The dynamics of the public’s memory of recent and past corruption \(C(t)\) are modeled as:

\[\begin{align*} \dot{C}(t) &= u(t) - \delta C(t), \quad C(0) = C_0 \end{align*}\]

The evolution of the politician’s popularity \(P(t)\) is governed by:

\[\begin{align*} \dot{P}(t) &= g(P(t)) - f(C(t)), \quad P(0) = P_0 \end{align*}\]

The politician’s objective is to maximize the following objective:

\[\begin{equation*} \int_0^{\infty} e^{-rt} [U_1(P(t)) + U_2(u(t))] \, \mathrm{d}t \end{equation*}\]

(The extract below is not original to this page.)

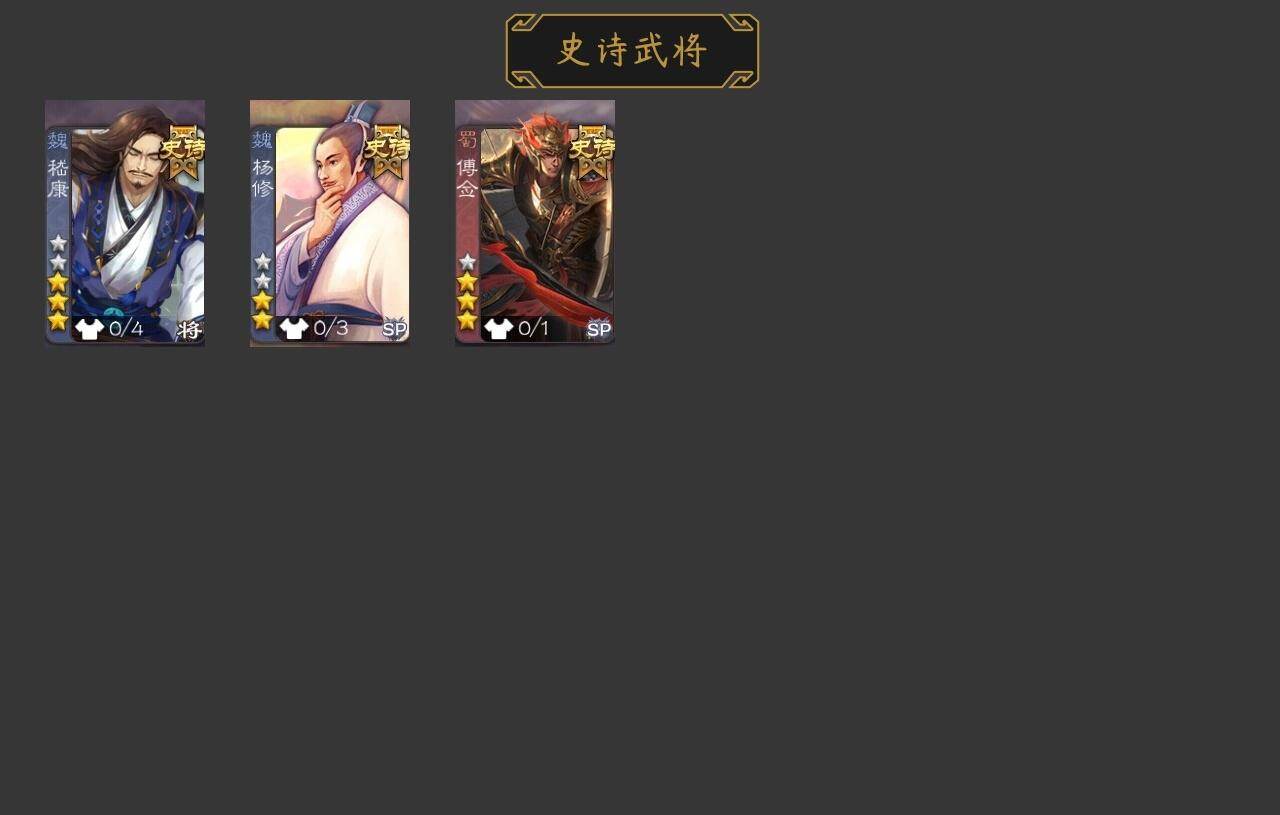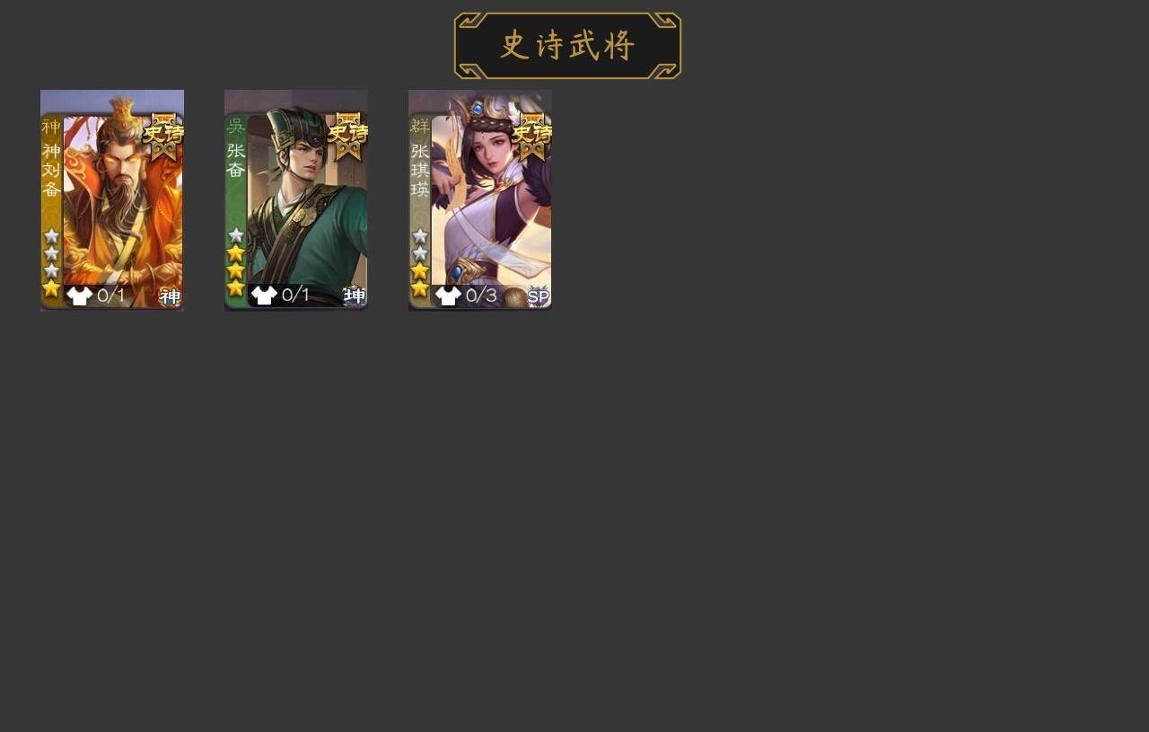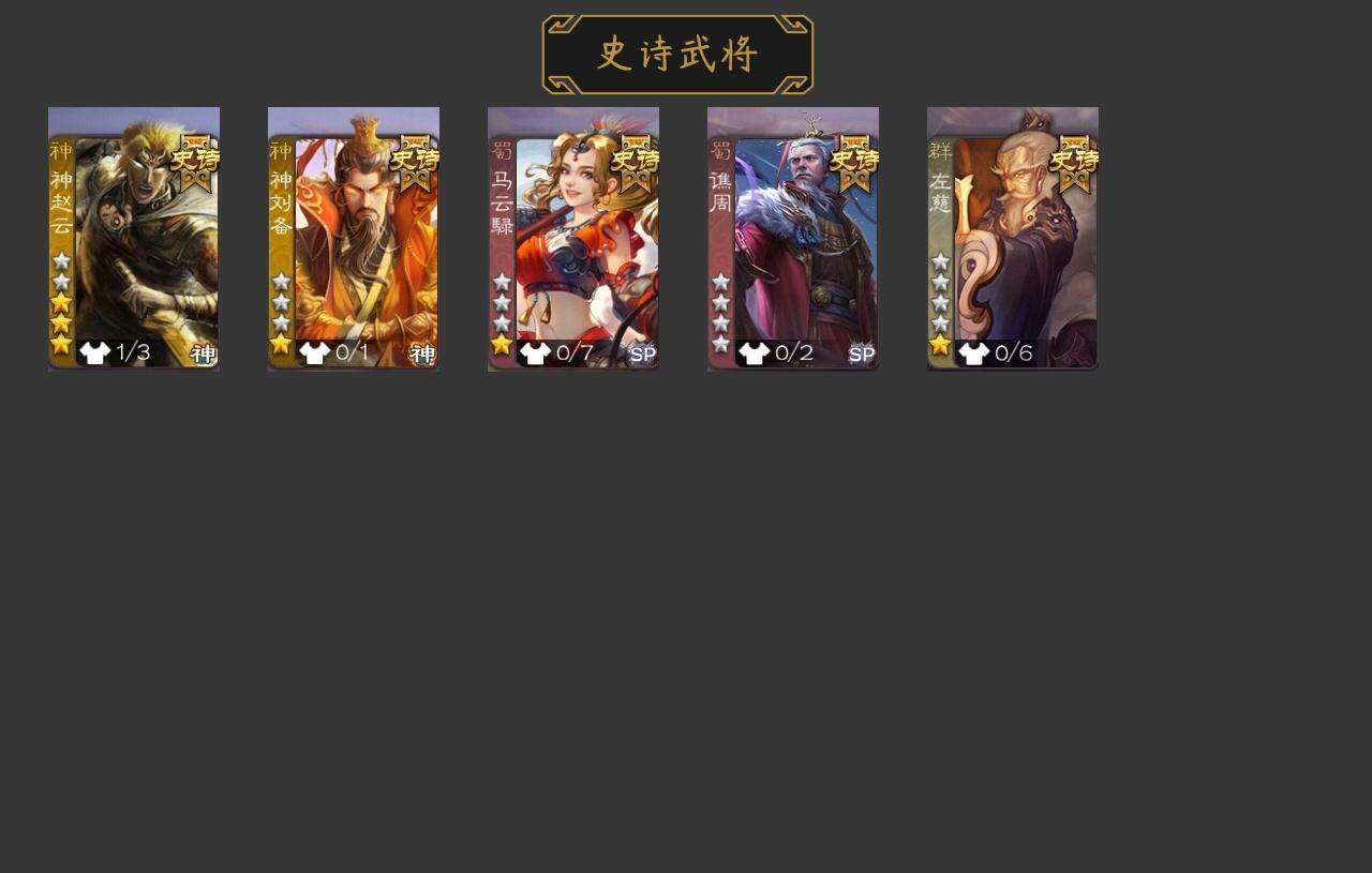 官阶:先锋将军;VIP等级:VIP1;史诗武将数量:4;动态皮肤数量:0;武将
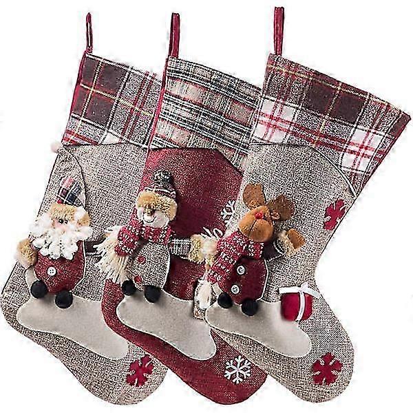 3pcs 17.5" Christmas Stocking Classic Christmas Character for Christmas Decorations for Family Christmas Party (style4)

subject to the dynamics of corruption awareness and popularity.

The optimal control problem can be formulated as follows:

\[\begin{align*} \max_{u(\cdot)} \quad & \int_0^{\infty} e^{-rt} [U_1(P(t)) + U_2(u(t))] \, \mathrm{d}t \\ \text{s.t.} \quad & \dot{C}(t) = u(t) - \delta C(t), \quad C(0) = C_0 \\ & \dot{P}(t) = g(P(t)) - f(C(t)), \quad P(0) = P_0 \end{align*}\]

The state variables are the accumulated awareness of past corruption \(C(t)\) and the politician’s popularity \(P(t)\). The control variable is the extent of corruption \(u(t)\). The objective functional represents the discounted stream of benefits coming from being honest (popularity) and from being dishonest (corruption).